Source material ::
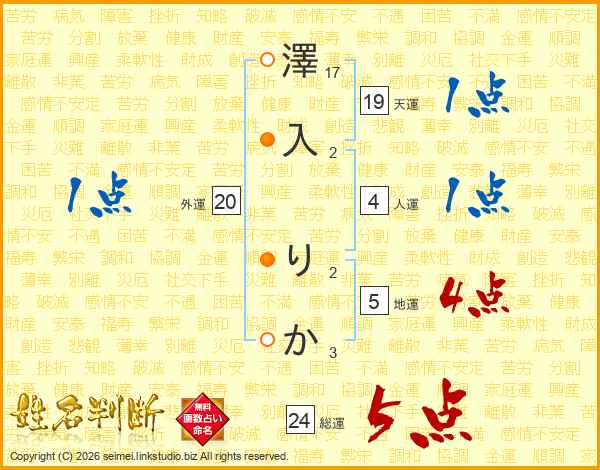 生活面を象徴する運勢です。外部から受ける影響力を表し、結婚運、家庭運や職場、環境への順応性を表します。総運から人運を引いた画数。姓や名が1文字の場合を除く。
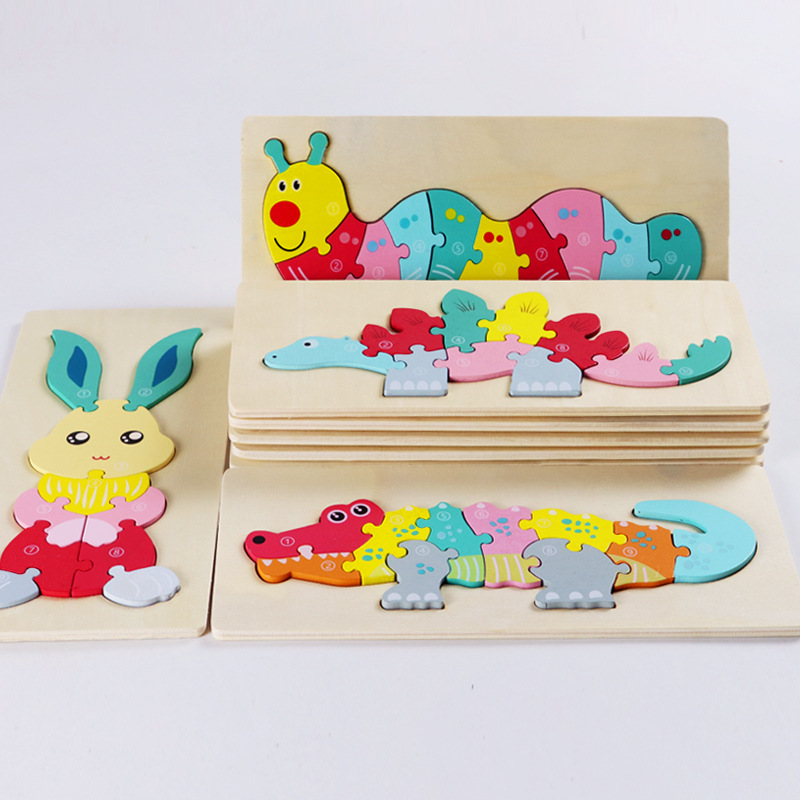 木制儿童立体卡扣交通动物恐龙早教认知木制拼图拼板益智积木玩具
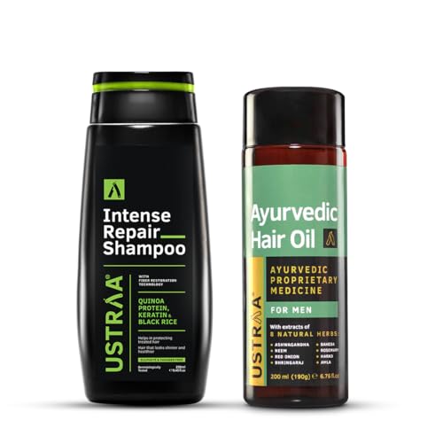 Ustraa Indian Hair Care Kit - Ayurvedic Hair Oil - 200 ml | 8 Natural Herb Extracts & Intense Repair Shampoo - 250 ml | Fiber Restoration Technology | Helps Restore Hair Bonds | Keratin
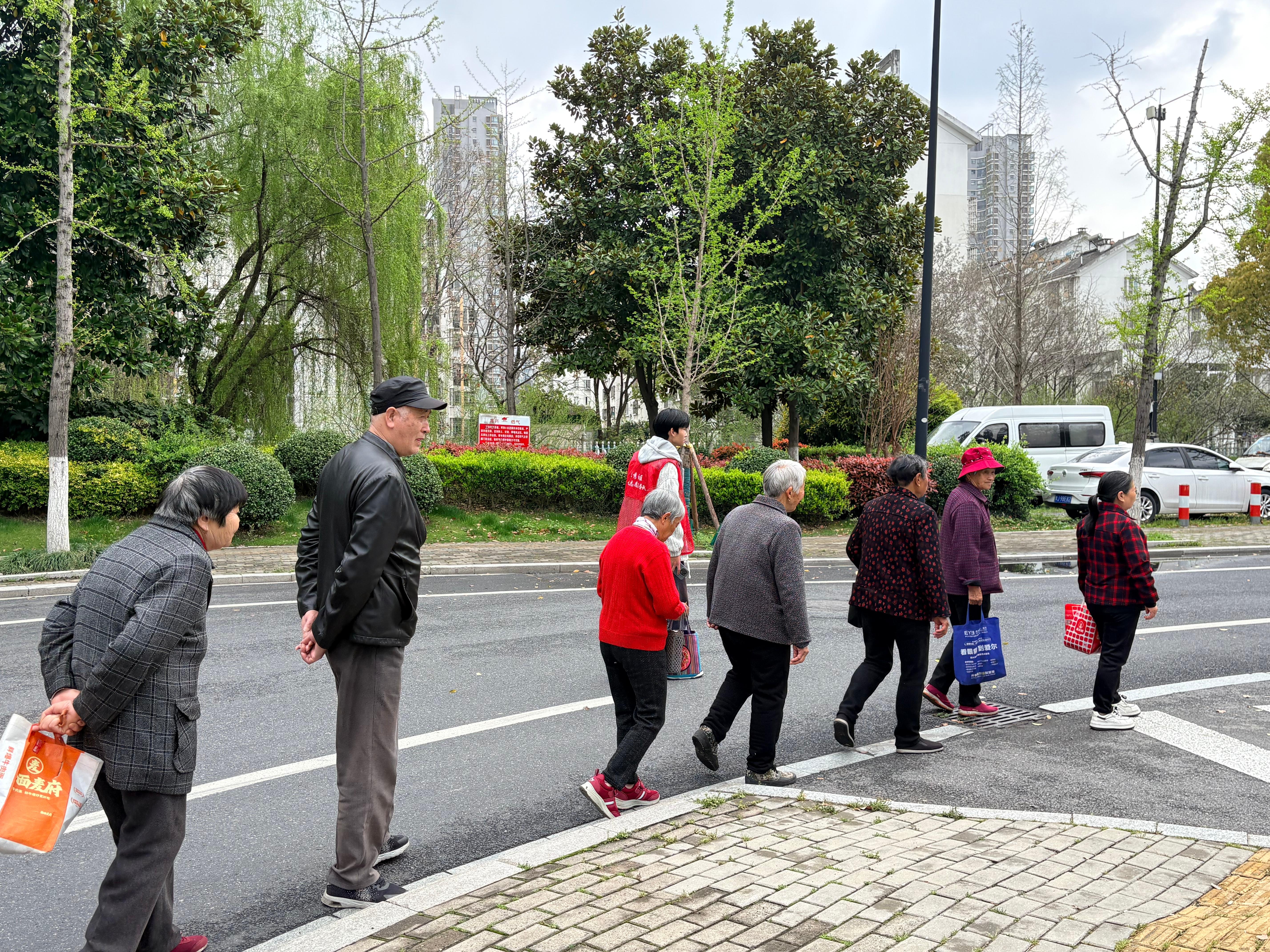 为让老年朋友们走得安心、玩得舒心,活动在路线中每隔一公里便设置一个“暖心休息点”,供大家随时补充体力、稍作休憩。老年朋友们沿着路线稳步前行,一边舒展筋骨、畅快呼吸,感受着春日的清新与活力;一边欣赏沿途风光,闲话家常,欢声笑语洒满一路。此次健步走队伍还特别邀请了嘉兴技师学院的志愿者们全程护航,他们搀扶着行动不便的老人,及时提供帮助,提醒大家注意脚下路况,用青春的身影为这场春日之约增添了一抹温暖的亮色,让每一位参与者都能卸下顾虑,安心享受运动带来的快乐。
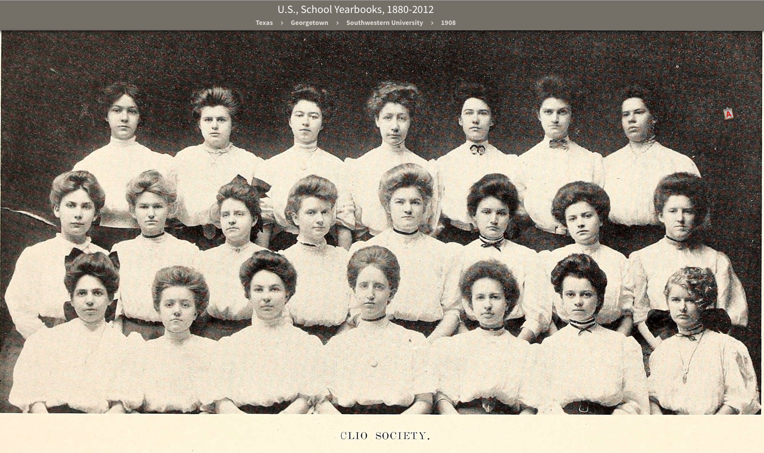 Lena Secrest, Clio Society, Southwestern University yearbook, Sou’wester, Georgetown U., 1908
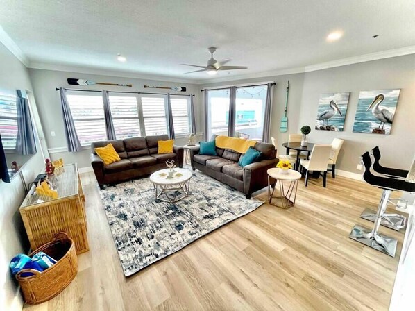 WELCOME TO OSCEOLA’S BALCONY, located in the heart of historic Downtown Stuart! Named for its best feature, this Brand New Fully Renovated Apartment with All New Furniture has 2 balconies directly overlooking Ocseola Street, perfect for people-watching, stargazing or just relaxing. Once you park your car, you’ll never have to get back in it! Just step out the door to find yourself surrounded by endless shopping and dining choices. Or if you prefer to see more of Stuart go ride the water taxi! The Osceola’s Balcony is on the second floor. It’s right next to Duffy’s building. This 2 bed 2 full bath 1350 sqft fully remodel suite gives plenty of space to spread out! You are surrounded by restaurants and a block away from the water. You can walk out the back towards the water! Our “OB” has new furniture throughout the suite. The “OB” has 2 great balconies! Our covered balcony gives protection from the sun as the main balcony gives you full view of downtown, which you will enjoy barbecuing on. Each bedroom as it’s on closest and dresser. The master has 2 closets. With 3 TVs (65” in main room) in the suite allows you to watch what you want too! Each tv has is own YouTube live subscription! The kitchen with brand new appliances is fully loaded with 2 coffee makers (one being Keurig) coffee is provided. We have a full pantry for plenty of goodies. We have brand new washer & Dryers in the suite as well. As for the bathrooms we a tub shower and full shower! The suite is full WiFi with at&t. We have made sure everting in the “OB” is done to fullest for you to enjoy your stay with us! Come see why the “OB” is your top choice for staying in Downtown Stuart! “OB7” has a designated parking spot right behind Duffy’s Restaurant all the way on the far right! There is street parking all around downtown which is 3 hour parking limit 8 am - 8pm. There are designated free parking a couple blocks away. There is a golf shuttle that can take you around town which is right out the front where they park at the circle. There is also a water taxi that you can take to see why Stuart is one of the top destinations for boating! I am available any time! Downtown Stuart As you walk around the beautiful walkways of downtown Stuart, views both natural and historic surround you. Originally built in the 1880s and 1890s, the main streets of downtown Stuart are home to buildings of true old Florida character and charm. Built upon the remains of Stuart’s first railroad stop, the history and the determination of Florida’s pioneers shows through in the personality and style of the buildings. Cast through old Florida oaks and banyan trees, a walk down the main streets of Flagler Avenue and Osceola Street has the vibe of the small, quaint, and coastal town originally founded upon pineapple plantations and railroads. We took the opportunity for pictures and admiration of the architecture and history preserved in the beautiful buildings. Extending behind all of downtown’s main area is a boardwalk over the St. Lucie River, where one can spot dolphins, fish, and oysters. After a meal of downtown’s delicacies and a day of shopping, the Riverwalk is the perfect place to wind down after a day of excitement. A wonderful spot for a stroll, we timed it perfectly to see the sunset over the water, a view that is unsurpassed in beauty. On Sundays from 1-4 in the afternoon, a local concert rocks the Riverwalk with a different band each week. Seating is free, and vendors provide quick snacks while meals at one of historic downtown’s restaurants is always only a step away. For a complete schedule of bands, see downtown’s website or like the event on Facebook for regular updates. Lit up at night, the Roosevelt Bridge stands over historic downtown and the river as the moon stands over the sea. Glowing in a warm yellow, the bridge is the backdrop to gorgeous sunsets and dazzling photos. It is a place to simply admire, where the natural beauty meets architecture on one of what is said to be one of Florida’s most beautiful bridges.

Exercise instructions :: Retype all of the material above exactly; the pictures stay out.

Problem solution ::
 生活面を象徴する運勢です。外部から受ける影響力を表し、結婚運、家庭運や職場、環境への順応性を表します。総運から人運を引いた画数。姓や名が1文字の場合を除く。
 木制儿童立体卡扣交通动物恐龙早教认知木制拼图拼板益智积木玩具
 Ustraa Indian Hair Care Kit - Ayurvedic Hair Oil - 200 ml | 8 Natural Herb Extracts & Intense Repair Shampoo - 250 ml | Fiber Restoration Technology | Helps Restore Hair Bonds | Keratin
 为让老年朋友们走得安心、玩得舒心,活动在路线中每隔一公里便设置一个“暖心休息点”,供大家随时补充体力、稍作休憩。老年朋友们沿着路线稳步前行,一边舒展筋骨、畅快呼吸,感受着春日的清新与活力;一边欣赏沿途风光,闲话家常,欢声笑语洒满一路。此次健步走队伍还特别邀请了嘉兴技师学院的志愿者们全程护航,他们搀扶着行动不便的老人,及时提供帮助,提醒大家注意脚下路况,用青春的身影为这场春日之约增添了一抹温暖的亮色,让每一位参与者都能卸下顾虑,安心享受运动带来的快乐。
 Lena Secrest, Clio Society, Southwestern University yearbook, Sou’wester, Georgetown U., 1908
 WELCOME TO OSCEOLA’S BALCONY, located in the heart of historic Downtown Stuart! Named for its best feature, this Brand New Fully Renovated Apartment with All New Furniture has 2 balconies directly overlooking Ocseola Street, perfect for people-watching, stargazing or just relaxing. Once you park your car, you’ll never have to get back in it! Just step out the door to find yourself surrounded by endless shopping and dining choices. Or if you prefer to see more of Stuart go ride the water taxi! The Osceola’s Balcony is on the second floor. It’s right next to Duffy’s building. This 2 bed 2 full bath 1350 sqft fully remodel suite gives plenty of space to spread out! You are surrounded by restaurants and a block away from the water. You can walk out the back towards the water! Our “OB” has new furniture throughout the suite. The “OB” has 2 great balconies! Our covered balcony gives protection from the sun as the main balcony gives you full view of downtown, which you will enjoy barbecuing on. Each bedroom as it’s on closest and dresser. The master has 2 closets. With 3 TVs (65” in main room) in the suite allows you to watch what you want too! Each tv has is own YouTube live subscription! The kitchen with brand new appliances is fully loaded with 2 coffee makers (one being Keurig) coffee is provided. We have a full pantry for plenty of goodies. We have brand new washer & Dryers in the suite as well. As for the bathrooms we a tub shower and full shower! The suite is full WiFi with at&t. We have made sure everting in the “OB” is done to fullest for you to enjoy your stay with us! Come see why the “OB” is your top choice for staying in Downtown Stuart! “OB7” has a designated parking spot right behind Duffy’s Restaurant all the way on the far right! There is street parking all around downtown which is 3 hour parking limit 8 am - 8pm. There are designated free parking a couple blocks away. There is a golf shuttle that can take you around town which is right out the front where they park at the circle. There is also a water taxi that you can take to see why Stuart is one of the top destinations for boating! I am available any time! Downtown Stuart As you walk around the beautiful walkways of downtown Stuart, views both natural and historic surround you. Originally built in the 1880s and 1890s, the main streets of downtown Stuart are home to buildings of true old Florida character and charm. Built upon the remains of Stuart’s first railroad stop, the history and the determination of Florida’s pioneers shows through in the personality and style of the buildings. Cast through old Florida oaks and banyan trees, a walk down the main streets of Flagler Avenue and Osceola Street has the vibe of the small, quaint, and coastal town originally founded upon pineapple plantations and railroads. We took the opportunity for pictures and admiration of the architecture and history preserved in the beautiful buildings. Extending behind all of downtown’s main area is a boardwalk over the St. Lucie River, where one can spot dolphins, fish, and oysters. After a meal of downtown’s delicacies and a day of shopping, the Riverwalk is the perfect place to wind down after a day of excitement. A wonderful spot for a stroll, we timed it perfectly to see the sunset over the water, a view that is unsurpassed in beauty. On Sundays from 1-4 in the afternoon, a local concert rocks the Riverwalk with a different band each week. Seating is free, and vendors provide quick snacks while meals at one of historic downtown’s restaurants is always only a step away. For a complete schedule of bands, see downtown’s website or like the event on Facebook for regular updates. Lit up at night, the Roosevelt Bridge stands over historic downtown and the river as the moon stands over the sea. Glowing in a warm yellow, the bridge is the backdrop to gorgeous sunsets and dazzling photos. It is a place to simply admire, where the natural beauty meets architecture on one of what is said to be one of Florida’s most beautiful bridges.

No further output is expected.